In the beginning of the Internet revolution, being connected was all about
the simple hyperlink. Like magic with one click a Web browser could be
transported anywhere on the Internet that content lives.
But what about context? What about connecting related information and
content in a semantic context? The hyperlink of the early era isn’t
enough.
Enter Microformats, which offer the promise of helping Web
content owners enable users to connect the disparate dots that connect
content in a semantic way. To be more precise and borrowing from the
official Microformats.org definition, “Microformats are small bits of HTML
that represent things like people, events, tags, etc. in Web pages.”
Though the term “microformats” may not yet be mainstream, mainstream vendors
have taken notice. Big names like Technorati, Mozilla, IBM, Microsoft,
Google, Digg, and Yahoo among countless others are all at work trying to
make microformats work. By some estimates there are already hundreds of
millions of microformatted pieces of information online.

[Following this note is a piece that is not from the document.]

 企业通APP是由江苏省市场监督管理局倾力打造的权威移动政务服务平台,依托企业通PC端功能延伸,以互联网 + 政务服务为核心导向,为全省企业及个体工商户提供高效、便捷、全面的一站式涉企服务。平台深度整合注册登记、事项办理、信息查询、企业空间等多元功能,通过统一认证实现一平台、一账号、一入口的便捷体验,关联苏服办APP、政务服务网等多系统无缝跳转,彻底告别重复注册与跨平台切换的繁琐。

“At this point, nearly every Web designer that learns about microformats
starts using them,” Tantek Çelik,
chief technologist at Technorati and co-founder of Microformats.org, told
InternetNews.com. “Because microformats require only some HTML
authoring ability, millions of Web authors and designers are able to use
them immediately. This is a much lower barrier to entry than many previous
Web technologies, such as XML and RSS, which require the skills of a
programmer.”
Where are microformats used today?
Technorati uses microformats throughout its products, including its main blog
search portal. Technorati tags are built from the rel-tag
microformat, which enables bloggers to “tag” their individual blog posts with
categories/keywords relevant to the posts in a visible manner. Technorati
also publishes microformats, like hCard on its contact page and on users’
profile pages in support of social-network portability.

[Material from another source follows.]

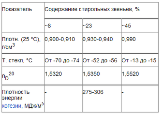 среднемассовая мол. масса). Макромолекулы бутадиен-стирольных каучуков имеют разветвленное строение. Каучуки содержат значит. кол-no микрогеля. Их ненасыщенность составляет, как правило, до 90% от теоретической. Бутадиен-стирольные каучуки растворяются в ароматич., алициклич. и алифатич. углеводородах. Многие физ. св-ва каучуков зависят от содержания в них стирольных звеньев (см. табл. 1).

The new Digg user profiles support the hCard microformat, as do the new
Google Sharing user profiles. Yahoo’s Flickr photo-sharing site also
extensively makes use of microformats, including hCard, as well as adr and
geo specifications for locations.
Microformats.org currently recognizes nine specifications for microformats:
hCalendar, hCard, rel-license, rel-nofollow, rel-tag, VoteLinks, XFN,
XMDP and XOXO. There are drafts for 11 additional specifications, some of
which are already in wide use: adr, geo hAtom, hResume, hReview,
rel-directory, rel-enclosure, rel-home, rel-payment, robots exclusion
and xFolk.
Though microformats enable semantic Web connections, Mozilla’s User
Experience Designer Alex Faaborg explained that microformats are sometimes
referred to as the lower-case semantic Web, since they are not as complex or as
expressive as RDF (define) and OWL (define).
“While microformats are less formal, they are also easier to author, and the
semantic information is human readable, in addition to being machine
readable,” Faaborg said. “But it isn’t about one approach being better than
the other, as much as each approach being useful in different situations.”
Technically speaking, though microformats and the Semantic Web are now
actually interoperable as the W3C has announced that GRDDL (Gleaning Resource Descriptions from Dialects of Languages) now extracts data from microformats and make it part of the Semantic Web.